Metadata-Version: 2.4
Name: apscale_nanopore
Version: 1.0.11
Summary: Advanced Pipeline for Simple yet Comprehensive AnaLysEs of DNA metabarcoding data - Nanopore application
Home-page: https://pypi.org/project/apscale_nanopore/
Author: Till-Hendrik Macher
Author-email: macher@uni-trier.de
License: MIT
Classifier: Programming Language :: Python :: 3
Classifier: License :: OSI Approved :: MIT License
Classifier: Operating System :: OS Independent
Requires-Python: >=3.10
Description-Content-Type: text/markdown
License-File: LICENSE
Requires-Dist: Bio>=1.7.1
Requires-Dist: biopython>=1.85
Requires-Dist: cutadapt>=5.0
Requires-Dist: joblib>=1.4.2
Requires-Dist: ete3>=3.1.3
Requires-Dist: numpy>=1.26.4
Requires-Dist: pandas>=2.2.3
Requires-Dist: pyarrow>=19.0.0
Requires-Dist: xmltodict>=0.14.2
Requires-Dist: plotly>=6.1.1
Requires-Dist: tqdm>=4.67.1
Dynamic: author
Dynamic: author-email
Dynamic: classifier
Dynamic: description
Dynamic: description-content-type
Dynamic: home-page
Dynamic: license
Dynamic: license-file
Dynamic: requires-dist
Dynamic: requires-python
Dynamic: summary

# apscale
Advanced Pipeline for Simple yet Comprehensive AnaLysEs of DNA metabarcoding data

[![Downloads](https://static.pepy.tech/badge/apscale)](https://pepy.tech/project/apscale)  - apscale

[![Downloads](https://static.pepy.tech/badge/apscale-nanopore)](https://pepy.tech/project/apscale-nanopore)  - apscale-nanopore

# apscale-nanopore

## Introduction
Apscale-nanopore is a modified version of the metabarcoding pipeline [apscale](https://github.com/DominikBuchner/apscale/tree/main) and is used
for the processing of Oxford Nanopore data.

Programs used:
* [cutadapt](https://github.com/marcelm/cutadapt) 
* [vsearch](https://github.com/torognes/vsearch)
* [swarm](https://github.com/torognes/swarm)
* [blast+](https://blast.ncbi.nlm.nih.gov/doc/blast-help/downloadblastdata.html) (blastn module)

Input:
* Non-demultiplexed Nanopore sequence data in .fastq format.
* Demultiplexed Nanopore sequence data in .fastq format.

Output:
* read table, taxonomy table, log files, report

## Installation

Apscale-nanopore can be installed on all common operating systems (Windows, Linux, MacOS).
Apscale-nanopore requires Python 3.10 or higher and can be easily installed via pip in any command line:

`pip install apscale_nanopore`

To update apscale-blast run:

`pip install --upgrade apscale_nanopore`

The easiest installation option is the [Conda apscale environment](https://github.com/TillMacher/apscale_installer). This way, all dependencies will automatically be installed.

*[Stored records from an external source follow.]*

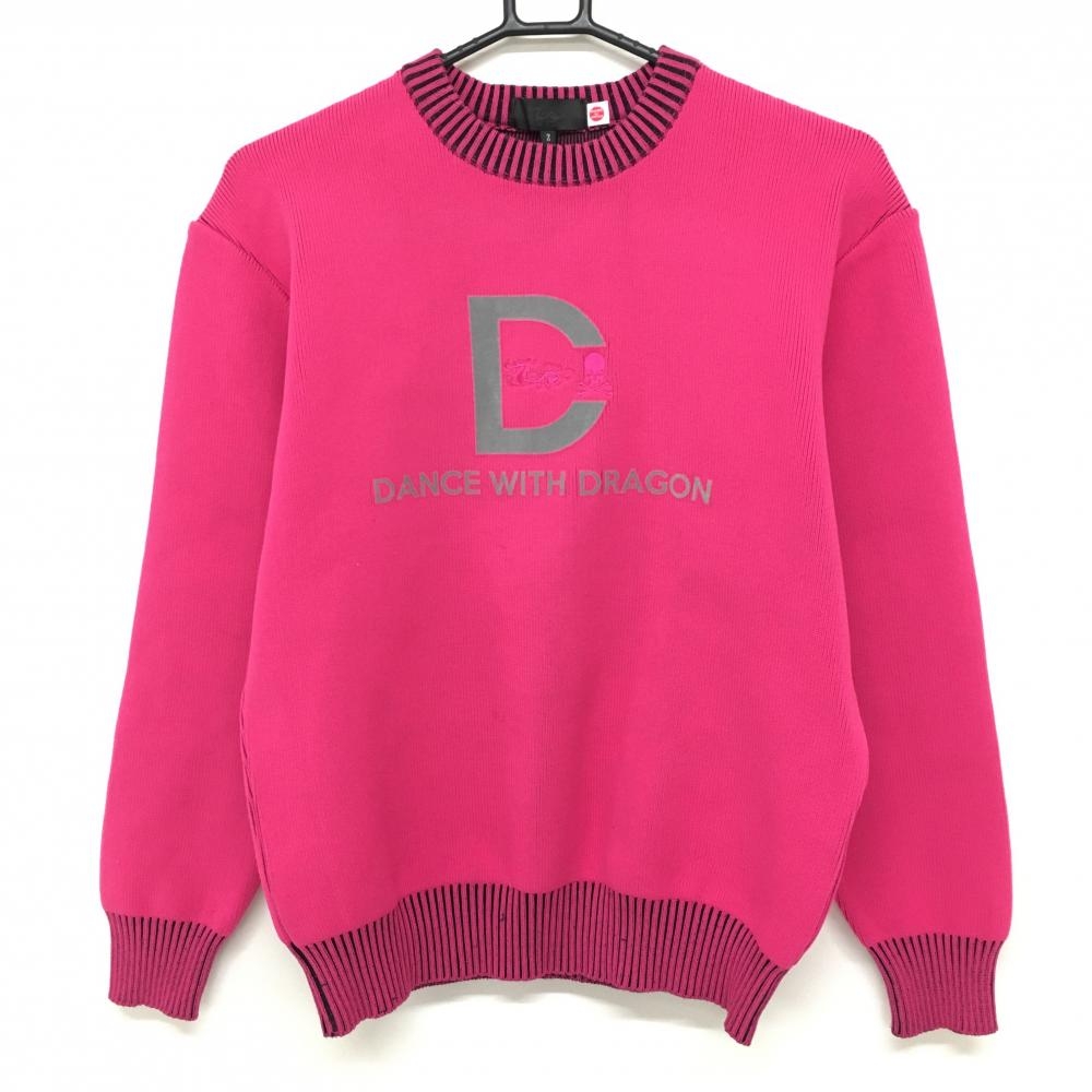 パーリーゲイツ セーター ピンク×黒 袖2ライン カシミヤ混 ニット レディース 1(M) ゴルフウェア PEARLY GATES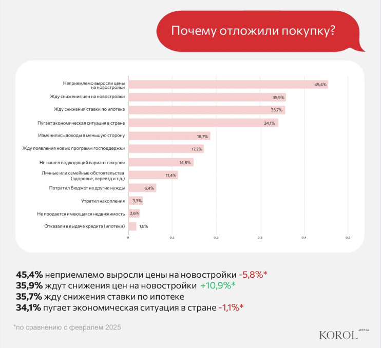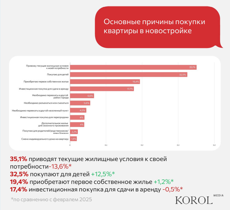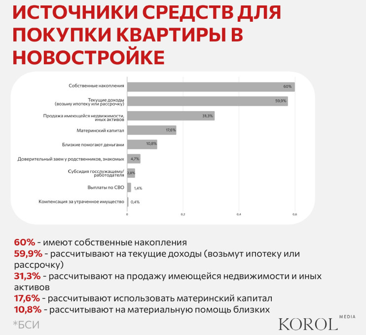 Такие выводы можно сделать из материалов совместного масштабного исследования поведения покупателей новостроек «Без ипотеки 3.0», которое провели эксперты маркетингового агентства Korol Media и ЕРЗ.РФ. В феврале 2026 года они опросили 2500 респондентов в 27 городах России, выясняя их предпочтения в отношении жилья на первичном рынке.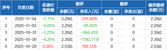 融资方面,当日融资买入2112.59万元,融资偿还1735.99万元,融资净买入376.6万元。融券方面,融券卖出0股,融券偿还0股,融券余量0股,融券余额0元。融资融券余额合计2.29亿元。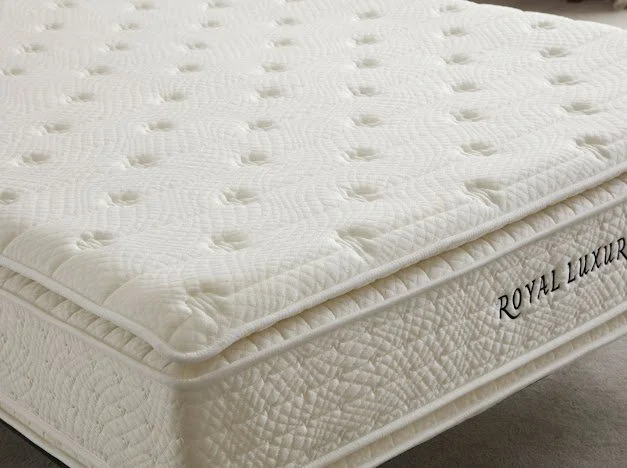 Un lit avec une tête de lit rembourrée, une table de chevet assortie, tout en tissu beige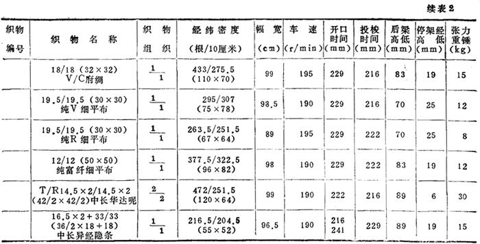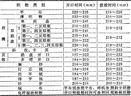 3)开口与投梭 各类织物开口与投梭时间配置参考数据(表18-190)。 表18-190 各类织物开口与投梭时间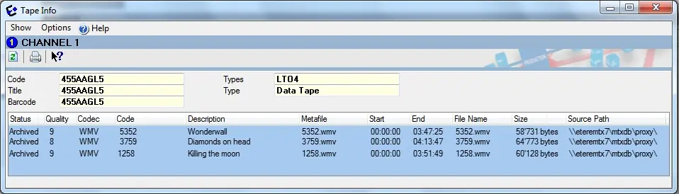 NB: Please note that "metafile", "filename", "size" and "source path" information is displayed only for data tapes (e.g. LTO5).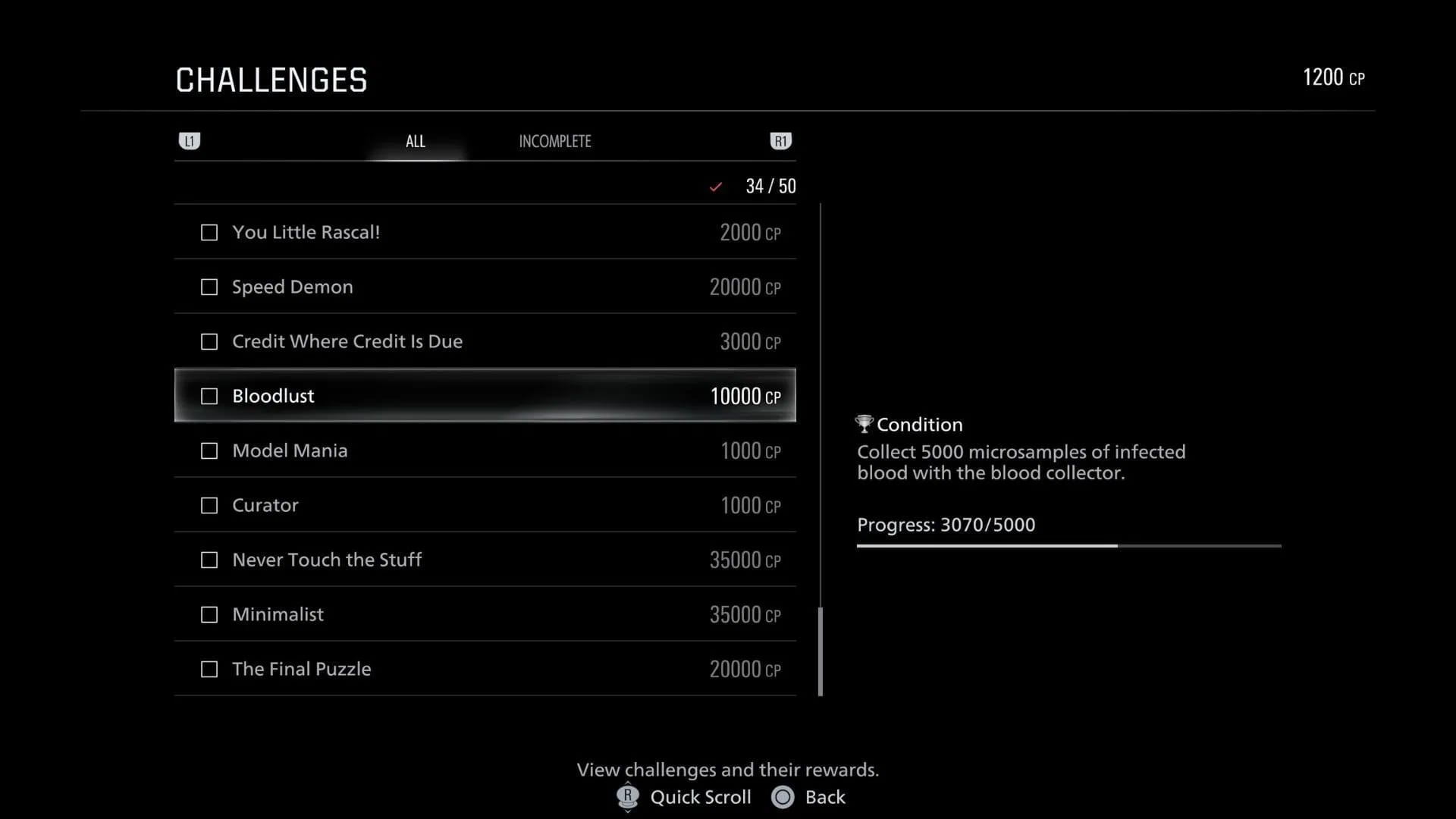 - Жага крові: Зібрати 5000 мікрозразків зараженої крові — 10 000 CP.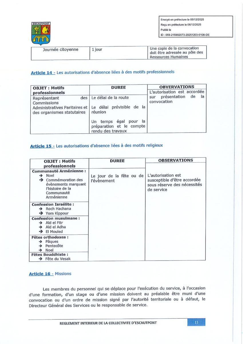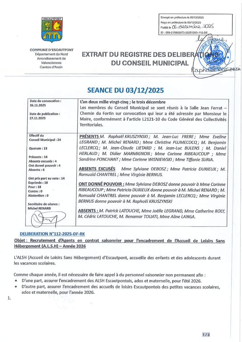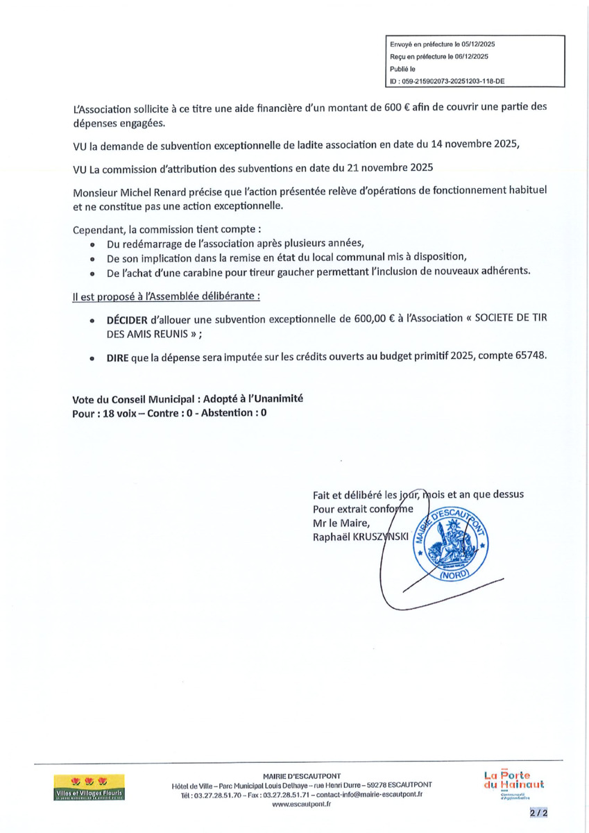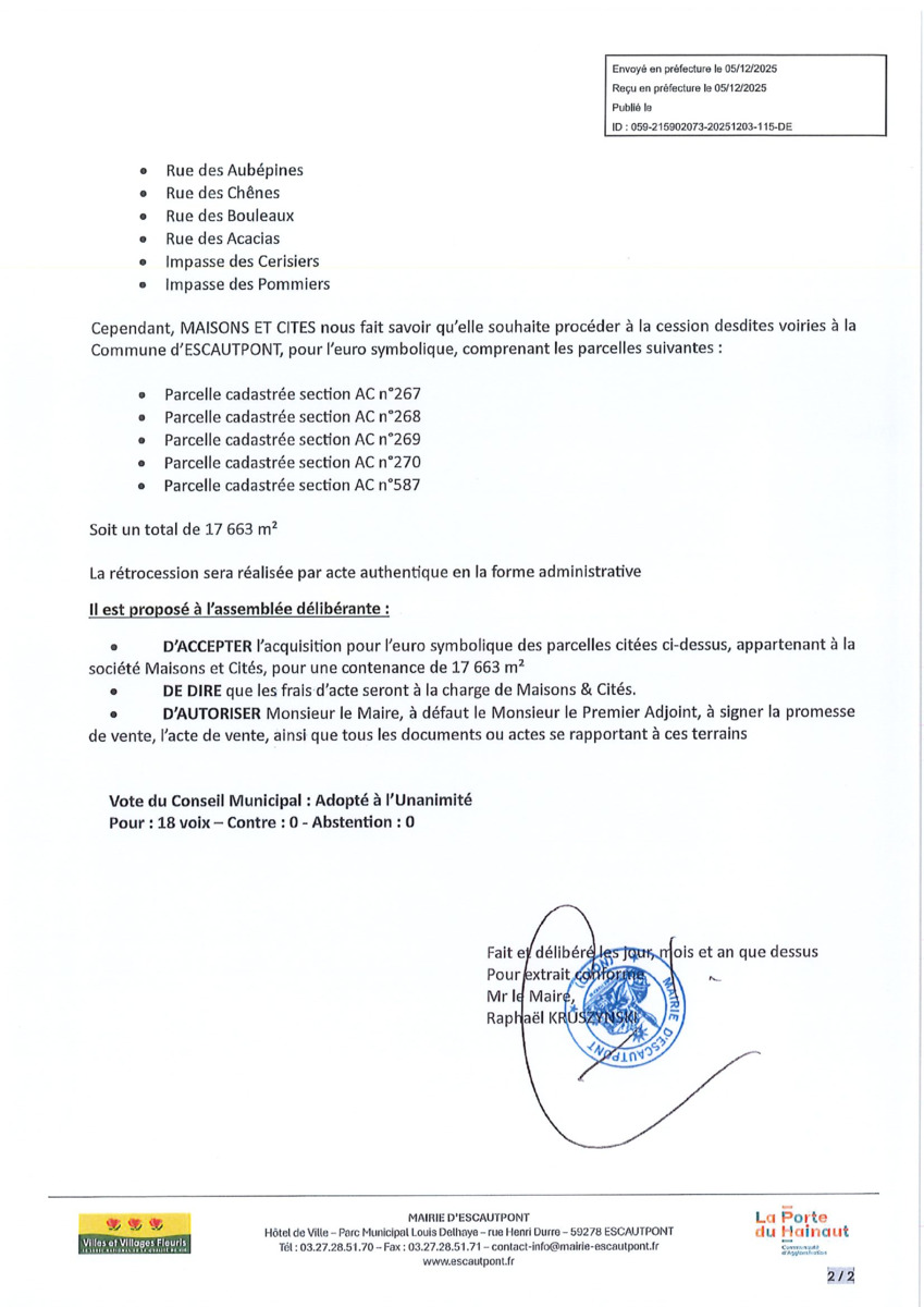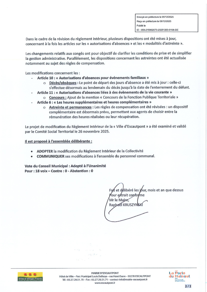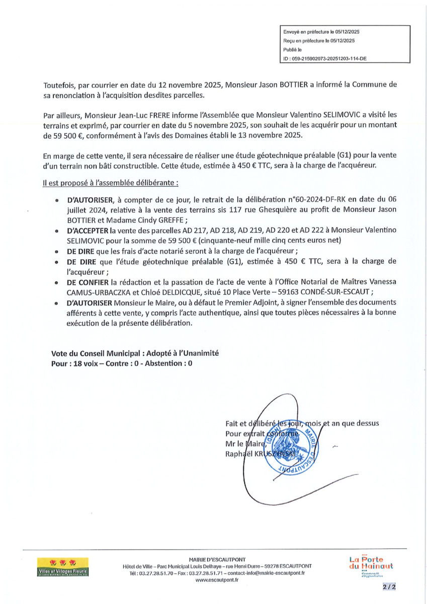 Délibérations du Conseil Municipal du 3 décembre 2025

Then activate the conda environment.

`conda activate apscale`

## Create project

First, create a new project:

`apscale_nanopore create -p PATH/TO/PROJECT`

A new project will be created. Follow the instructions and fill out the settings file accordingly.

<pre>
/YOUR_PROJECT_PATH/My_new_project/
├───1_raw_data
│   └───data
├───2_index_demultiplexing
│   └───data
├───3_primer_trimming
│   └───data
├───4_quality_filtering
│   └───data
├───5_clustering_denoising
│   └───data
├───6_read_table
│   └───data
├───7_taxonomic_assignment
│   └───data
├───8_nanopore_report
My_new_project_settings.xlsx
</pre>

## Settings file

### Sample index and primer combinations (Example)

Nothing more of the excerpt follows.